Mortimer Wheeler Adventurer in Archaeology

John Bintliff on a study of the most famous 20th-century archaeologist.

John Bintliff | Published in
  • Mortimer Wheeler Adventurer in Archaeology
    Jacquetta Hawkes. 387 pp. (Weidenfeld and Nicolson, 1982)
The late David Clarke tried to teach archaeologists that the subject was barely on the threshold of a serious discipline. It relied too often on intuitive, untested procedures to derive a kind of pseudo-history from the ambiguous and fragmentary results of excavation. In the early 1970s, he announced that archaeology was apparently on the brink of disciplinary 'critical self-consciousness', when the weaknesses of its birth-throes would be revealed and rejected for a new, truly scientific rigour at every level of investigation from the individual dig to the general historical synthesis of subcontinents.

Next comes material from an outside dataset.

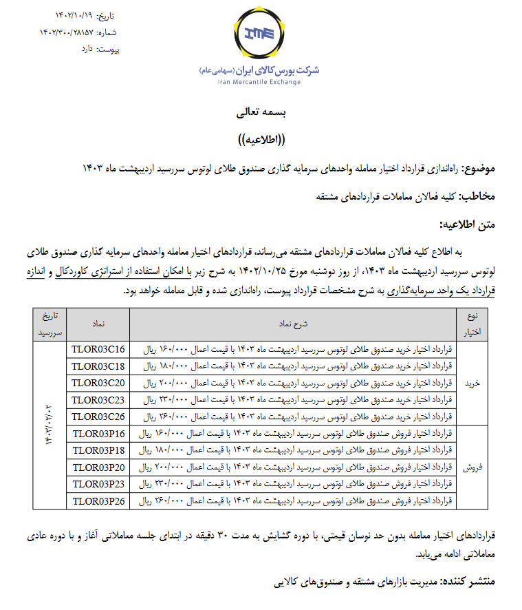بورس کالا با صدور اطلاعیه ای از راه اندازی قرارداد اختیار معامله واحدهای سرمایه گذاری صندوق طلای لوتوس با سررسید اردیبهشت ۱۴۰۳ از روز دوشنبه ۲۵ دی ماه با امکان استفاده از استراتژی کاوردکال خبر داد.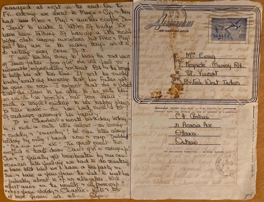 It is Charlie’s 11 month birthday today – he is such a cute little fellow – so loving & cuddly & “smoochy”! He can totter along holding by only 1 hand now & says “Daddad” & “Ma ma ma” etc. The great event this weekend is that dear Dan’s girl is coming up! Cec & I finally got browbeaten by our consciences into feeling we had to do something, so have told him we’ll have a tea party on Sun. & have a few from the Lab. to meet her – probably about 10 of us altogether. Will report anon on the results & impressions!! xxxxs from Lindy & Charlie – Lots & lots of love from us all – Cyn.

But that archaeological community in Europe was splitting into two factions: the 'Traditionalists' who spurned this weak-kneed obeisance before that distant goal of hard science, digging the moat deeper round imaginative, humanistic insight as the basic procedure for archaeology; and the 'New Archaeologists' who strove to put into practice the levelling tendencies of Clarke and his victorious allies in the United States. Today the slit-trenches are still occupied, the Old Guard are being scythed away by Time rather than force of argument. Into this company of Traditionalists, and as representatives of the vanished many and the remaining few, we can refer Wheeler, and his biographer and sympathiser, Jacquetta Hawkes, faithful to the cause to the bitter end.